* GIVEN DATA *
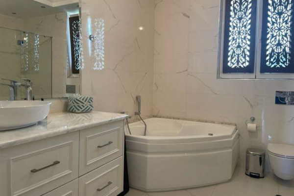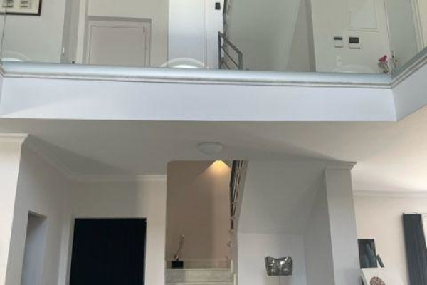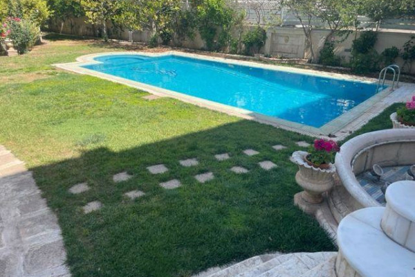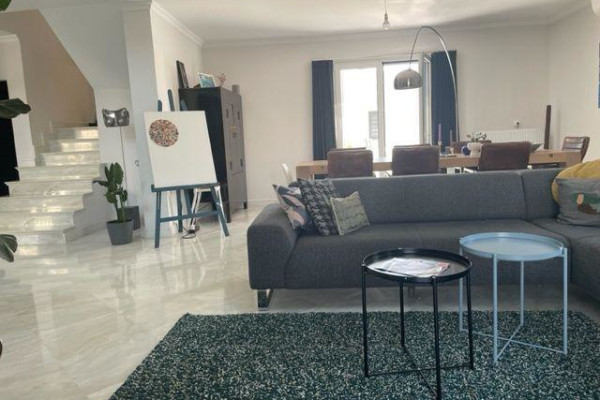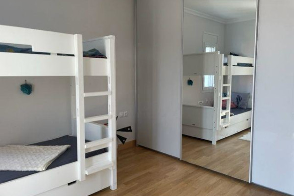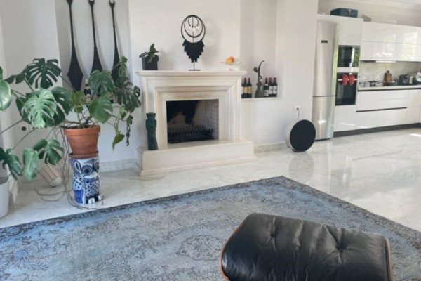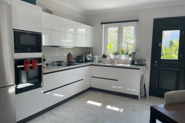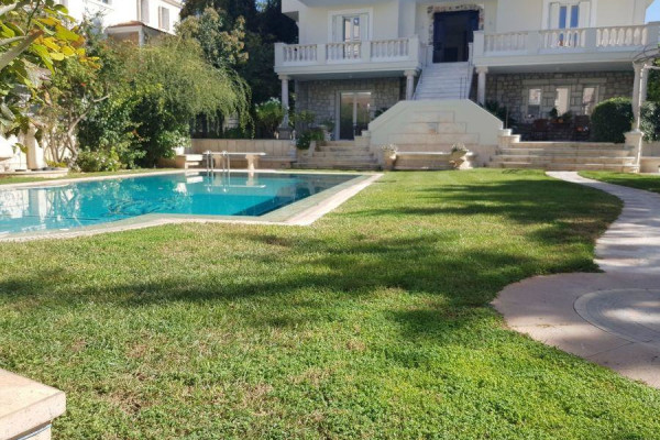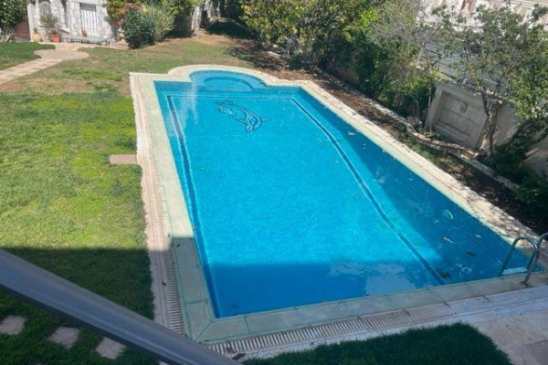 The apartment is 330 square meters and consists of 3 levels (1st, 2nd and attic) with an internal private elevator. The first floor is 100 square meters and offers a comfortable entrance hall, a large living room with a fireplace and marble floors, as well as an exit to a terrace overlooking the garden and the pool. It also has a very large kitchen, equipped with electrical appliances and a daily living room with a second fireplace. The second floor is also 100sqm and consists of 2 comfortable bedrooms with their own separate bathrooms. In the attic there are 2 more bedrooms and 2 bathrooms. The residence also has air conditioning throughout, independent oil heating, 2 underground parking spaces, storage, etc.
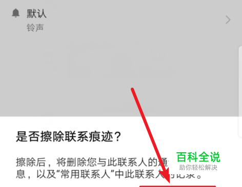 点击后,下方会弹出提醒,告知我们擦除后会删除联系人通话记录和信息。我们点击“擦除”就可以擦除联系人痕迹。
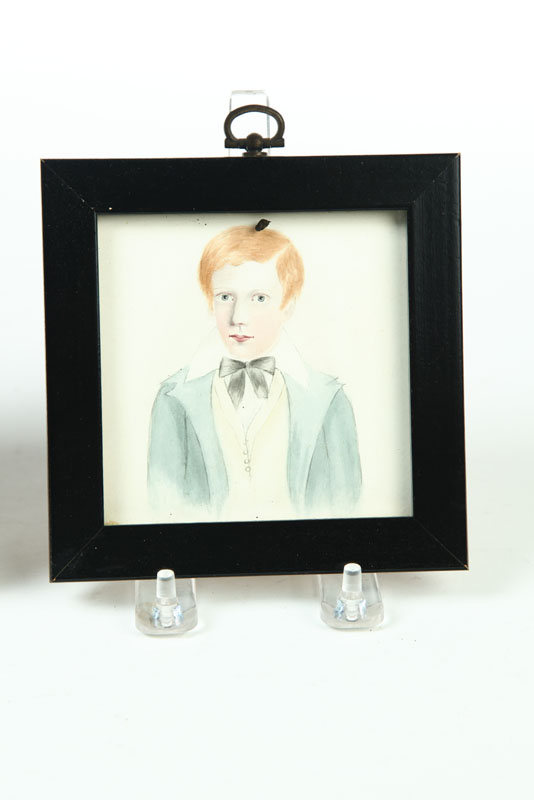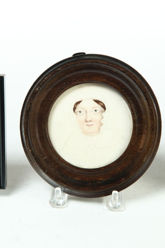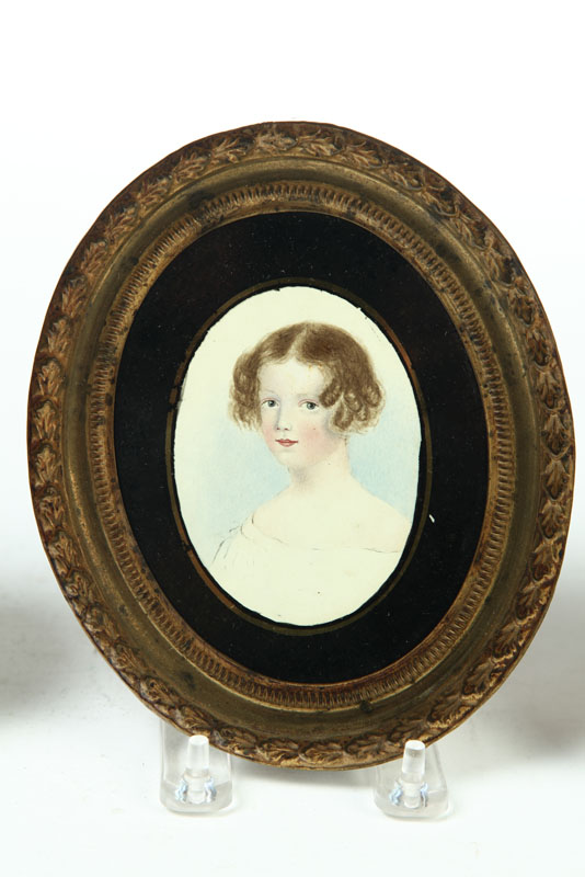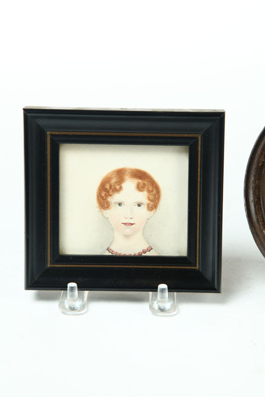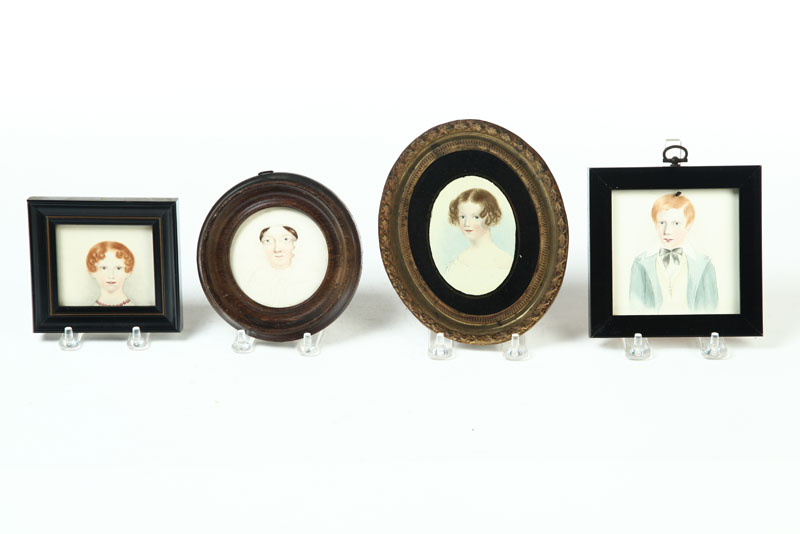 American, ca.1840, watercolor on heavy stock. Identified as Mrs. Irvine, the family matriarch and three grandchildren, Maggie, Elize and George. The latter two have partial Whatman watermarks in the stock. In frames, 5"d., 7"h., 4"h. 4 1/4"w. and 5" x 5" respectively.
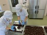 写真は工芸高校「名作いす」の模型作成です。細かい木材を丁寧に貼り付けていきます。

* AIM OF THE EXERCISE *
Pictures are to be dropped, and the lines from the line with "American, ca.1840, watercolor" through the end of the material above are to be reproduced exactly.

* ANSWER SECTION *
 American, ca.1840, watercolor on heavy stock. Identified as Mrs. Irvine, the family matriarch and three grandchildren, Maggie, Elize and George. The latter two have partial Whatman watermarks in the stock. In frames, 5"d., 7"h., 4"h. 4 1/4"w. and 5" x 5" respectively.
 写真は工芸高校「名作いす」の模型作成です。細かい木材を丁寧に貼り付けていきます。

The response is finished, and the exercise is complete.